Requirement -> Give back the records that follow exactly, images excluded.

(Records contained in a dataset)

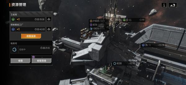 资源管理板块可以收取工程局、预制模组工厂、税务司的产出,工程令可以加速建筑建造时间,预制模组加速舰船建造速度,税收可以去商店购置商品。
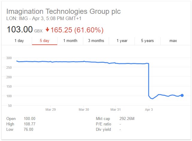 Pokud jste dodavatelem klíčové součástky pro iPhony, kterých se čtvrtletně prodá desítky milionů, můžete si být jisti, že se vám bude dařit. Jakmile ale o vás Apple přestane mít zájem, máte problém. Výrobce grafických čipů Imagination Technologies stála přesně taková zkušenost zhruba půl miliardy dolarů. O tolik po strmém propadu akcií klesla hodnota firmy.
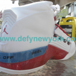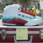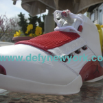 I’ll never forget the look of the old woman sitting next to me when I took these sneakers out of a briefcase. Then she mumbled to either me or herself sneakers “In a briefcase? Thats crazy!” Crazy indeed, and so was the 200.00 retail price. These were the first sneakers that I know of that came with a DVD as well. The Jordan XVII is legendary, good looks plush ride. The lace covers were a waste (as most found them very difficult to get on and off, especially with your foot in the shoe) but I did like the lace locks. The biggest gripe? The leather used for the upper. After only a few wears these would begin to look like they had been used for an entire year (not something you look for in a 200.00 pair of sneakers). Also, the soles of the shoes (which came up by the midsole (white area)) attracted dirt like no ones business and yellowed fairly easy. Nonetheless, the sneaker is a work of art. They run true to size, and prices for these have climbed in the 3-400 dollar range. Check out one of the original ads above and check out pictures from the DeFY. New York Photo Vault above. Enjoy 🙂
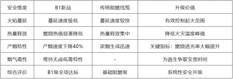 简单来说,当火情发生时,B1级线缆不仅更难点燃、更难蔓延,更重要的是——产烟更少、烟气更透明、毒性更低,为人员疏散和消防救援创造了至关重要的安全窗口。
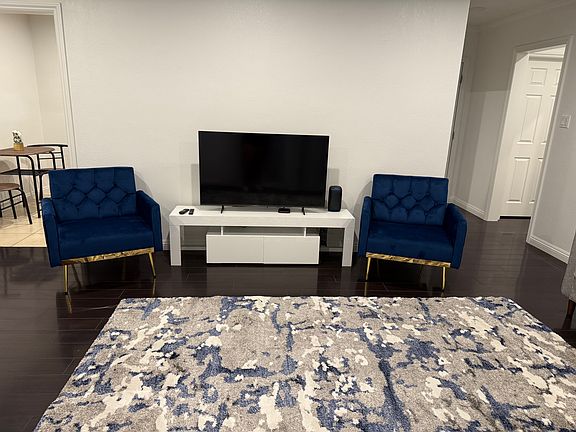 3-bedroom, 2-bathroom residence features a modern kitchen with granite countertops, rich wood cabinetry, and stainless-steel appliances. The bright and spacious living area boasts recessed lighting and upgraded flooring throughout.
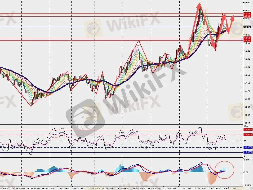 技术面:原油H4级别震荡回落,并在48日多空分界线附近运行。此外,MACD双线和量能柱在零轴附近缩量。市场情绪因华盛顿与德黑兰之间紧张局势有望缓和而发生转变。但其具体谈判挑战依然存在,料将限制油价下行空间。
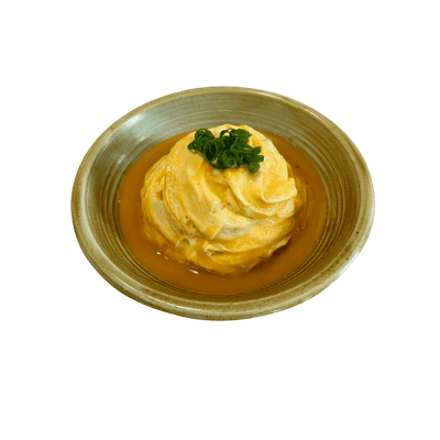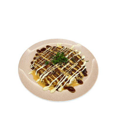 Cabbage omelette, furikake, house sweet bbq sauce + kewpie mayo

Exercise output ->
 资源管理板块可以收取工程局、预制模组工厂、税务司的产出,工程令可以加速建筑建造时间,预制模组加速舰船建造速度,税收可以去商店购置商品。
 Pokud jste dodavatelem klíčové součástky pro iPhony, kterých se čtvrtletně prodá desítky milionů, můžete si být jisti, že se vám bude dařit. Jakmile ale o vás Apple přestane mít zájem, máte problém. Výrobce grafických čipů Imagination Technologies stála přesně taková zkušenost zhruba půl miliardy dolarů. O tolik po strmém propadu akcií klesla hodnota firmy.
 I’ll never forget the look of the old woman sitting next to me when I took these sneakers out of a briefcase. Then she mumbled to either me or herself sneakers “In a briefcase? Thats crazy!” Crazy indeed, and so was the 200.00 retail price. These were the first sneakers that I know of that came with a DVD as well. The Jordan XVII is legendary, good looks plush ride. The lace covers were a waste (as most found them very difficult to get on and off, especially with your foot in the shoe) but I did like the lace locks. The biggest gripe? The leather used for the upper. After only a few wears these would begin to look like they had been used for an entire year (not something you look for in a 200.00 pair of sneakers). Also, the soles of the shoes (which came up by the midsole (white area)) attracted dirt like no ones business and yellowed fairly easy. Nonetheless, the sneaker is a work of art. They run true to size, and prices for these have climbed in the 3-400 dollar range. Check out one of the original ads above and check out pictures from the DeFY. New York Photo Vault above. Enjoy 🙂
 简单来说,当火情发生时,B1级线缆不仅更难点燃、更难蔓延,更重要的是——产烟更少、烟气更透明、毒性更低,为人员疏散和消防救援创造了至关重要的安全窗口。
 3-bedroom, 2-bathroom residence features a modern kitchen with granite countertops, rich wood cabinetry, and stainless-steel appliances. The bright and spacious living area boasts recessed lighting and upgraded flooring throughout.
 技术面:原油H4级别震荡回落,并在48日多空分界线附近运行。此外,MACD双线和量能柱在零轴附近缩量。市场情绪因华盛顿与德黑兰之间紧张局势有望缓和而发生转变。但其具体谈判挑战依然存在,料将限制油价下行空间。
 Cabbage omelette, furikake, house sweet bbq sauce + kewpie mayo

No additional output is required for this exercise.